At $175 a ticket (or $1200 a table), regular folk were left out in the cold along with the homeless. Sponsored by TD Bank, the high end approach to poverty fundraising, usually the norm in big cities across Canada, was now in little Freddy Beach.
“I wanted to go, but when I found out the price of the tickets it was out of my budget,” said Linda Ross, a retiree on a fixed income.
Some employed crafty ways of getting into the fundraiser because they really wanted to be there but couldn’t afford a ticket.
“A fundraiser for a fundraiser,” said Fredericton resident Doug Mullin, who started a crowdfunding site online to raise money for tickets to Get Frank. He managed to attract enough funds for two friends to attend. Mullin was also the event’s official photographer so got in gratis.
Others wanting access to the event volunteered at the ticket desk, worked the coat check room or ushered the tanned and fashionable attendees to the bar and VIP green room.
To be fair, it was a fundraiser after all, so organizers can’t be entirely blamed for wanting to squeeze the rich for a good cause, even if it leaves out others.
Tim Ross, a director with the Community Action Group on Homelessness and an organizer of the night’s gala, said, “We needed to tap into wealthy Frederictonians to start on really dealing with the issue…to ensure a robust response to homelessness in Fredericton.”
“It’s not elitist,” said Jason Lejeune, another gala organizer.
“The purpose was to invite the unusual suspects not usually engaged [in the issue of homelessness]. We wanted them to open their wallets to come to the event and open their minds after getting here,” he said.
Some in attendance wondered what they were opening their minds and wallets for when the main course of beans and wieners was placed in front of them during the fundraiser dinner.
“I initially turned my nose up at it, but quickly caught on they [organizers] were demonstrating that it’s a meal the poor often eat, and that the homeless would gladly wolf down,” said one prominent attendee who preferred to remain anonymous.
Others heartily dug into the brown mush because the meal reminded them of their own humble beginnings.
“Beans and wieners were a staple in my house growing up in Apohaqui,” said McKenna during a media scrum.

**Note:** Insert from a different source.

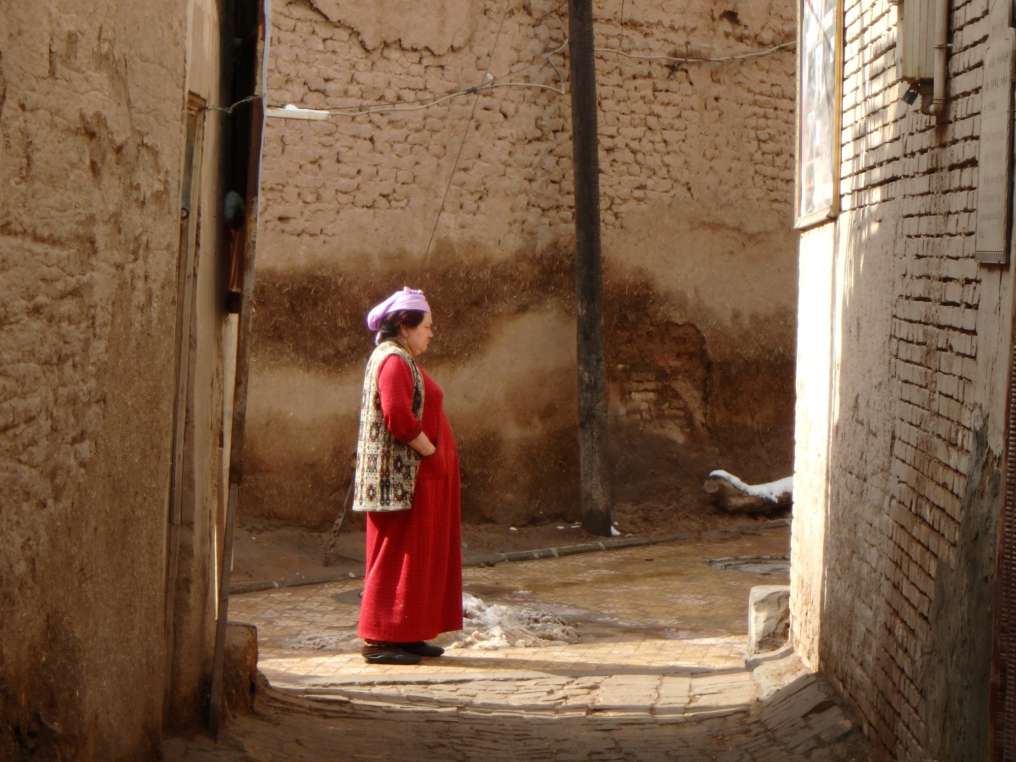 そんなカシュガルの町の北東部の泥の古城を訪れました。連日の雪で道はぬかるみ、坂の多い古城なので階段を上るのに注意を払う必要があるました。西側のビル群を見た後にここに来ると…なんだかとても寂しい気持ちになります。辺りは閑散としていて、おそらくお祈りの時間だったからか人は少なく、物憂げな空気があたりを立ち込めていました。この古城を少し出ると、ウイグルの人たちが生活の糧にしているバザールがにぎわっています。このバザールで働いている人たちの家はこの泥の家なのでしょうか…?

The fundraiser also celebrated corporate philanthropy, providing the evening with some of its more ironic moments. TD’s Brian Jones raised eyebrows during his speech when he proceeded to sell his employer to the crowd.
“…TD bank is one of the safest banks [for investors] and…number one in customer service…”
Jones later justified his remarks by saying it can only help the cause. According to him, clients who invest with TD were indirectly helping to finance the evening since TD was sponsor.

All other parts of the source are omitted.